> WORK REQUIRED
Exactly the lines from the one containing "bag, or backpack." through the one containing "Los folletos publicitarios" in the listing below are to be copied, with the pictures left out.
[Opening EXTRACTED DATA section]
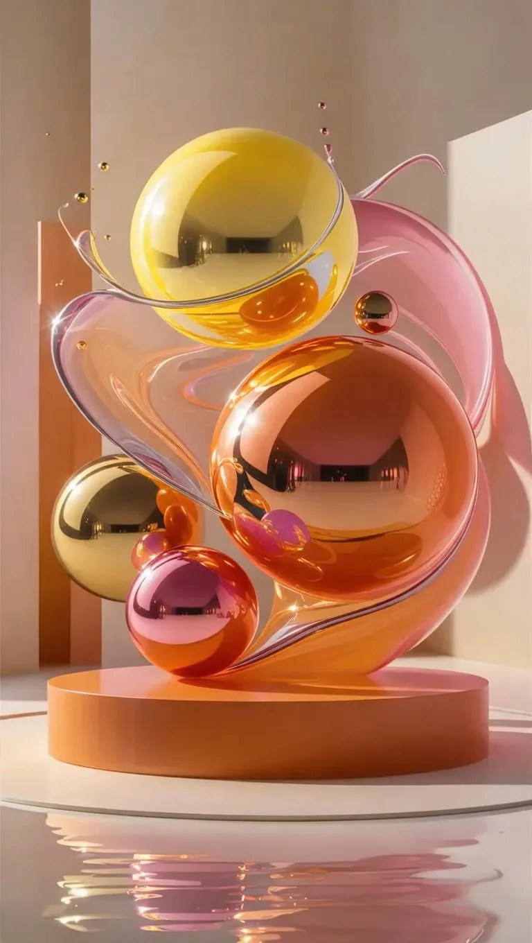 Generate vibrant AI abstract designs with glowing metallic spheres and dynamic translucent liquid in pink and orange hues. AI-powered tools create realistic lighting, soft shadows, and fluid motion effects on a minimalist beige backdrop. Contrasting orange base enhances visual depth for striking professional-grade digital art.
[Closing EXTRACTED DATA section]
[Opening EXTRACTED DATA section]
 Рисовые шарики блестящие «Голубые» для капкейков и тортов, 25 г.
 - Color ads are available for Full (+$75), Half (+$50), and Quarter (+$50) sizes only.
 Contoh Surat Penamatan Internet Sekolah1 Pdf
[Closing EXTRACTED DATA section]
[Opening EXTRACTED DATA section]
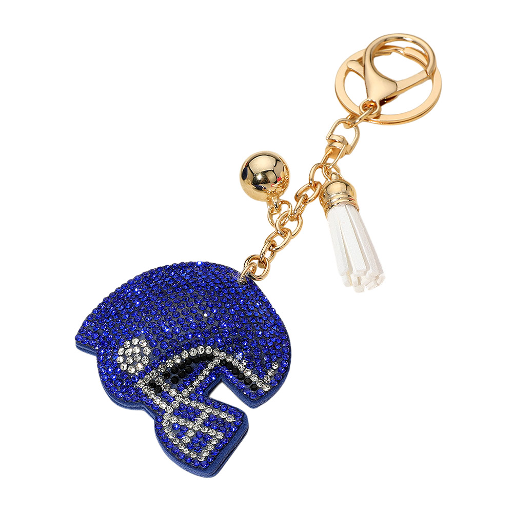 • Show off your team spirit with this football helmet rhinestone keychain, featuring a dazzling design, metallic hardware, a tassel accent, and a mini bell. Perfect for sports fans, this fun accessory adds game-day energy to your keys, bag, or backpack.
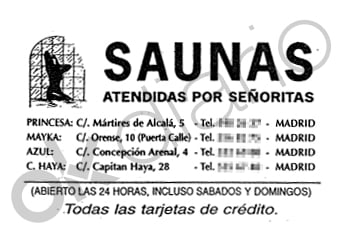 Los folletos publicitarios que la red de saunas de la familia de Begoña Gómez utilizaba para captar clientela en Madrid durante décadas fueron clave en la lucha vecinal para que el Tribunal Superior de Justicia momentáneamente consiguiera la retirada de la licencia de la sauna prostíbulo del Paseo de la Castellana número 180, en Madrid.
[Closing EXTRACTED DATA section]
> ANSWER TO THIS TASK
 • Show off your team spirit with this football helmet rhinestone keychain, featuring a dazzling design, metallic hardware, a tassel accent, and a mini bell. Perfect for sports fans, this fun accessory adds game-day energy to your keys, bag, or backpack.
 Los folletos publicitarios que la red de saunas de la familia de Begoña Gómez utilizaba para captar clientela en Madrid durante décadas fueron clave en la lucha vecinal para que el Tribunal Superior de Justicia momentáneamente consiguiera la retirada de la licencia de la sauna prostíbulo del Paseo de la Castellana número 180, en Madrid.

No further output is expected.